Houwzer
Houwzer is a technology company.
Financial History
Houwzer has raised $35.0M across 4 funding rounds.
Frequently Asked Questions
How much funding has Houwzer raised?
Houwzer has raised $35.0M in total across 4 funding rounds.
Houwzer is a technology company.
Houwzer has raised $35.0M across 4 funding rounds.
Houwzer has raised $35.0M in total across 4 funding rounds.
Houwzer is a tech-enabled real estate brokerage that disrupts traditional high-commission models by offering full-service, salaried agents, proprietary software, and transparent flat-fee pricing for buying, selling, and renting homes. It serves savvy homeowners seeking maximum value, saving sellers an average of $11,000–$15,000 per transaction through 1% listing commissions and buyer rebates, while maintaining a 4.9/5 star rating from over 4,000 reviews.[1][2][3][5] Under the Newfound umbrella since acquiring competitor Trelora in 2022, Houwzer has facilitated over $10 billion in home sales, saved clients $500 million in commissions, and expanded across U.S. markets like Philadelphia, Baltimore, DC, and Cape May County, solving inefficiencies in a commission-driven industry bloated by rising home values and automation.[2][3]
Houwzer was founded in 2015 (with some sources noting 2014) in Philadelphia by former naval officer Mike Maher, who was frustrated by the high commissions and inefficiencies he encountered while selling his own property.[2][6] Maher's idea emerged from recognizing that technology—like digital contracts, Zillow listings, and virtual tours—had automated much agent work, yet 6% commissions persisted amid soaring home prices, unjustly inflating costs.[2] The company started with a consumer-first model: salaried agents with benefits (no commission chases), proprietary transaction software, and in-house title services for seamless closings.[1][2][3] Early traction built through this approach, leading to 2020 expansions into Baltimore and DC, the 2022 Trelora acquisition forming Newfound (serving 44,000+ clients), and ongoing regional growth.[2][3]
Houwzer stands out in real estate through tech integration and agent incentives aligned with clients:
Houwzer rides the proptech wave disrupting legacy real estate, capitalizing on automation (virtual tours, digital docs) and post-2023 NAR commission settlements that exposed 6% model flaws, favoring low-fee innovators.[2][3] Timing aligns with rising home values and buyer scrutiny, where tech enables scale without proportional agent pay hikes—Houwzer's $10B sales volume proves market forces like equity preservation and efficiency gains propel such models.[3] It influences the ecosystem by normalizing salaried agents, in-house tech stacks, and hybrid brokerage (full-service at discount prices), pressuring incumbents and enabling regional dominance under Newfound, while its nonprofit arm addresses affordability gaps in urban expansion markets.[2][6]
Houwzer's trajectory points to accelerated national scaling via Newfound acquisitions and tech refinements, potentially capturing more post-settlement market share as proptech consolidates.
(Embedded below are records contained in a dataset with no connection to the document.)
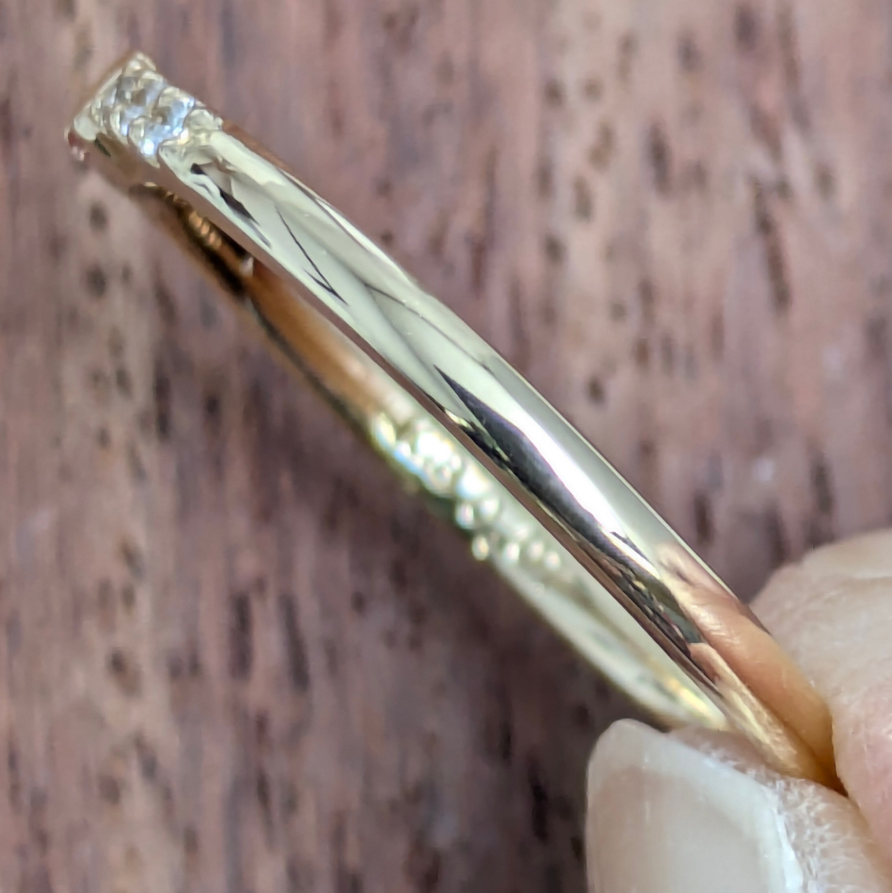 発色の良いピンク色のスピネルと、シンプルなアウトラインで仕立てたK18のリング。素材に自信があるからこその、勝負したデザインです。メインの鮮やかなピンクサファイアは、もちろん太陽光の下でその美しさを最大限に発揮する“強赤色蛍光”の性質を持つものを使用。そして両サイドに三銃士のように寄り添っているメレダイヤは、わずかに黄味があるものですがイエローゴールドとうまくマッチして、煌めきを添えてくれています。シンプルですが、華やかさも併せ持つリングです。
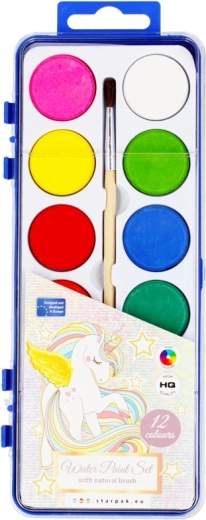 Scopri la magia della pittura con gli acquerelli a tema unicorno. Il set offre 12 tonalità vivaci, facili da miscelare e applicare, ed è completato da un pennello, così puoi iniziare a creare subito dopo l’apertura. Il formato leggero e sottile è perfetto per lo zaino e in viaggio.
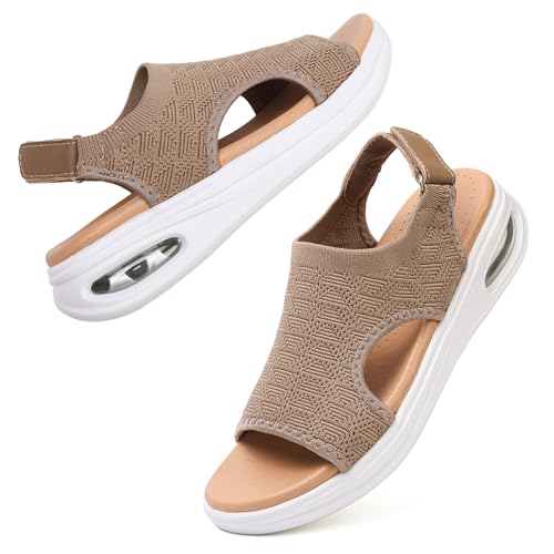 Women's Walking Sandals Summer Athletic Sport Sandals Orthopedic Arch Support Comfy Orthotic Sandals Open Toe Slip On Quick-Drying Knit Beach Water Sandals Mesh Soft Sole Casual Sandals
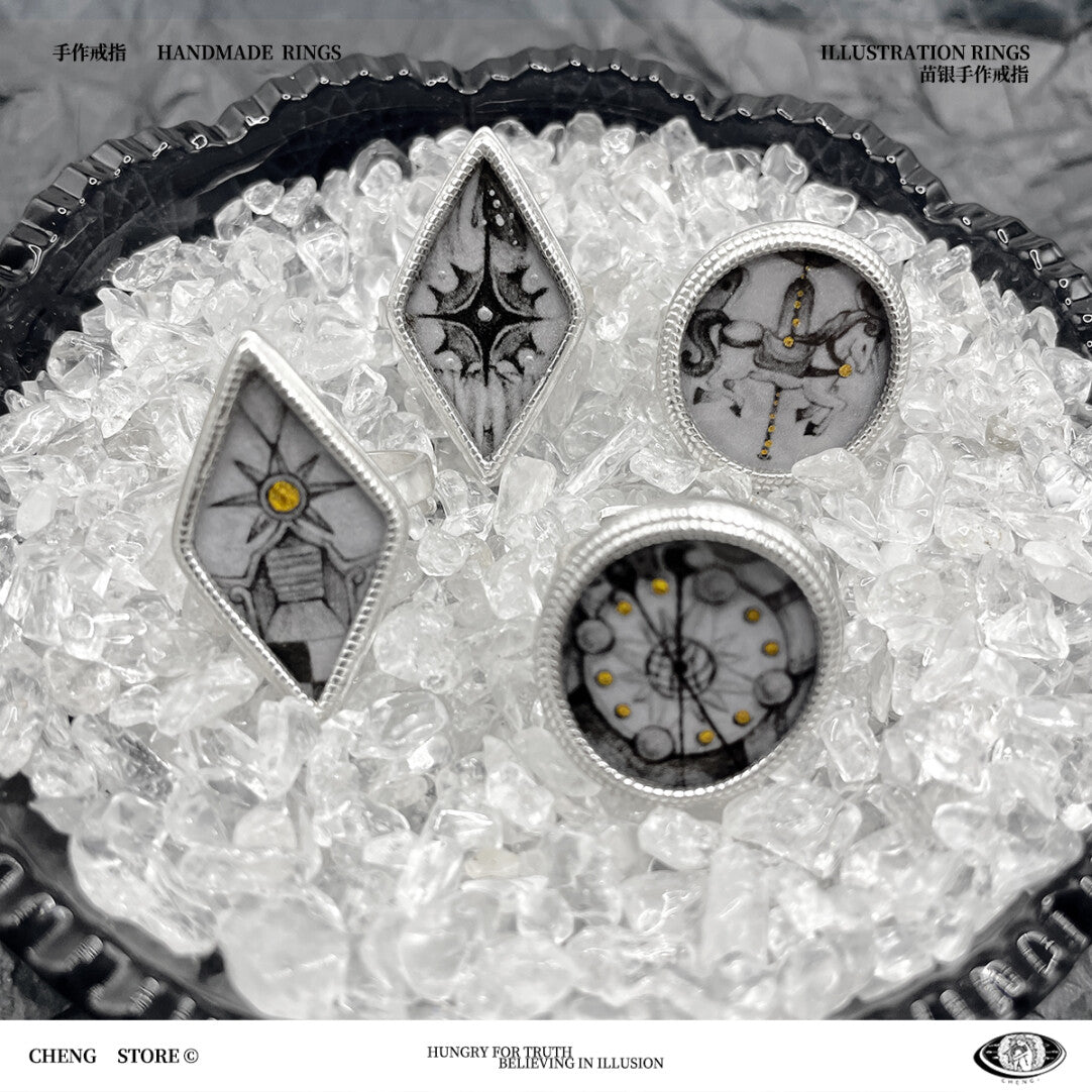The Handmade Ink Painting Elements Ring features a truly one-of-a-kind ring face, illustrated by the artist herself. Inspired by traditional ink painting and the vast universe, the artwork weaves together poetic elements such as the sun, moon, clouds, stars, and cosmic motifs, turning the ring into a miniature canvas. Artistic and expressive, this unique statement piece is designed for those who appreciate wearable art and creative individuality. Each ring carries its own story, making it a bold yet meaningful addition to any jewelry collection.

Trends like AI-driven valuations, blockchain closings, and affordability mandates will amplify its salaried-tech edge, evolving it from regional disruptor to major player influencing commission norms nationwide. With $135M in funding and $71.7M revenue, expect deeper integrations (e.g., mortgage expansion) and community impact growth, solidifying its mission to rebuild brokerage for homeowners.[3][6] This positions Houwzer as a blueprint for tech reshaping real estate's outdated core.
Houwzer has raised $35.0M in total across 4 funding rounds.
Houwzer's investors include Ben Franklin Technology Partners of Southeastern Pennsylvania, Alumni Ventures, Resolute Ventures, Compound, Felicis Ventures, First Round Capital.
Houwzer has raised $35.0M across 4 funding rounds. Most recently, it raised $18.0M Series B in February 2022.